Given #3 , overwrite is okay. My question is about #2, if the cost is
trivial I will use increment.


> -abhishek
>
>
> -----Original Message-----
> From: Shrijeet Paliwal [mailto:shrijeet@rocketfuel.com]
> Sent: Tuesday, September 25, 2012 9:35 AM
> To: user@hbase.apache.org
> Subject: [Schema] Put or Increment ?
>
> Hi,
> Suppose I am tracking user activity by storing his IP each time he hits
> the web service. The row id will be uid of user and column qualifiers will
> be IPs themselves. I am contemplating whether to use a Put or Increment API.
> The must have requirement is distinct IPs associated with the user. It
> will be good to have count of visits per IP, but not having the count is OK
> too (if its expensive). Please help me compare the performance of increment
> vs put in this context. Will I see better throughput using one over other?
> Better space utilization? What else?
>
> -Shrijeet
>

RE: [Schema] Put or Increment ?

Posted by "Pamecha, Abhishek" <ap...@x.com>.
Hi Shrijeet

What's your usecase?
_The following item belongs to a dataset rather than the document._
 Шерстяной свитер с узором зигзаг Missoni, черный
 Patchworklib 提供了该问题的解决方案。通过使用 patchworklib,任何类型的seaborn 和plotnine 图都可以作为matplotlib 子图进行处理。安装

That should drive your decision. Put will overwrite in case your userid and ip address is same. Increment would just bump up the counter.   

-abhishek


-----Original Message-----
From: Shrijeet Paliwal [mailto:shrijeet@rocketfuel.com] 
Sent: Tuesday, September 25, 2012 9:35 AM
To: user@hbase.apache.org
Subject: [Schema] Put or Increment ?

Hi,
Suppose I am tracking user activity by storing his IP each time he hits the web service. The row id will be uid of user and column qualifiers will be IPs themselves. I am contemplating whether to use a Put or Increment API.
The must have requirement is distinct IPs associated with the user. It will be good to have count of visits per IP, but not having the count is OK too (if its expensive). Please help me compare the performance of increment vs put in this context. Will I see better throughput using one over other?
Better space utilization? What else?

-Shrijeet